Adriaan "Ad" Bax (born 1956) is a Dutch-American molecular biophysicist. He was born in the Netherlands and is the Chief of the Section on Biophysical NMR Spectroscopy at the National Institutes of Health. He is known for his work on the methodology of biomolecular NMR spectroscopy.

Biography
Bax was born in the Netherlands. He studied at Delft University of Technology where he got his engineer's degree (Ir. degree) in 1978, and Ph.D. degree in applied physics in 1981, after spending considerable time working with Ray Freeman at Oxford University. He worked as a postdoc with Gary Maciel at Colorado State University, before joining the NIH's Laboratory of Chemical Physics in 1983. In 1994 he became correspondent of the Royal Netherlands Academy of Arts and Sciences. He is currently the Chief of the Section on Biophysical NMR Spectroscopy at NIH. In 2002 he was elected a member of the National Academy of Sciences in the section on Biophysics and computational biology and a Fellow of the American Academy of Arts and Sciences.
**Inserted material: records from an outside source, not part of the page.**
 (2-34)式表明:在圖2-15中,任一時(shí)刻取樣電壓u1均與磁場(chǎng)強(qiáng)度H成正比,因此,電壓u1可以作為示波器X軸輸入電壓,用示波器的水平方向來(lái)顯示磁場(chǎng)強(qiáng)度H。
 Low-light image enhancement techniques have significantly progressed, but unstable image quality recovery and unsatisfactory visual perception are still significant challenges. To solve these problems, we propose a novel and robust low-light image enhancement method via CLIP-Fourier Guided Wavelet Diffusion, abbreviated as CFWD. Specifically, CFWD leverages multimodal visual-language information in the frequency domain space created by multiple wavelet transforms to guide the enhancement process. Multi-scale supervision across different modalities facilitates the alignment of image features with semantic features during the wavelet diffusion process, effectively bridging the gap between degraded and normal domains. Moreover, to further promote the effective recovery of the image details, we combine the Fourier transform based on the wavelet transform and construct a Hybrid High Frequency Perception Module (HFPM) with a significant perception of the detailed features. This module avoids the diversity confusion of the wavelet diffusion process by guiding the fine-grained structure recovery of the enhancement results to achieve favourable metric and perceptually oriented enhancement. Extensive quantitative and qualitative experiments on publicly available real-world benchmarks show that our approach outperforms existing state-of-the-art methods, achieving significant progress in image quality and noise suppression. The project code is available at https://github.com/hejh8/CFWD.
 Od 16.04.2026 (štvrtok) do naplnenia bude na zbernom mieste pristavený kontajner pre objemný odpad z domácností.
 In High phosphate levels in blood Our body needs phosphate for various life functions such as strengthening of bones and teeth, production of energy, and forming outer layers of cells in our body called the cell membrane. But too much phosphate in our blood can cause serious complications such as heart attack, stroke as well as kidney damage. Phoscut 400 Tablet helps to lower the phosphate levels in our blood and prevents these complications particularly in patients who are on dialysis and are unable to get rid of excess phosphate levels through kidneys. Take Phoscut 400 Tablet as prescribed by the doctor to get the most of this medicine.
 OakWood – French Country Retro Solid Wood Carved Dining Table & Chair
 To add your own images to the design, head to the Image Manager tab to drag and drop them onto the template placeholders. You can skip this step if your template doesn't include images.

Bax was awarded the 2018 NAS Award for Scientific Reviewing and the 2018 Welch Award in Chemistry.

Work in NMR spectroscopy

Bax works in the field of biomolecular NMR spectroscopy, and has been involved in the development of many of the standard methods in the field. He collaborated extensively with fellow NIH scientists Marius Clore, Angela Gronenborn and Dennis Torchia in the development of multidimensional protein NMR. Bax is a pioneer in the development of triple resonance experiments and technology for resonance assignment of isotopically enriched proteins. He was also heavily involved in the development of using residual dipolar couplings and chemical shifts for determining RNA and protein structures.
Much of his recent work focuses on the roles of proteins in membranes.
He was the world's most cited chemist over two decades (1981-1997).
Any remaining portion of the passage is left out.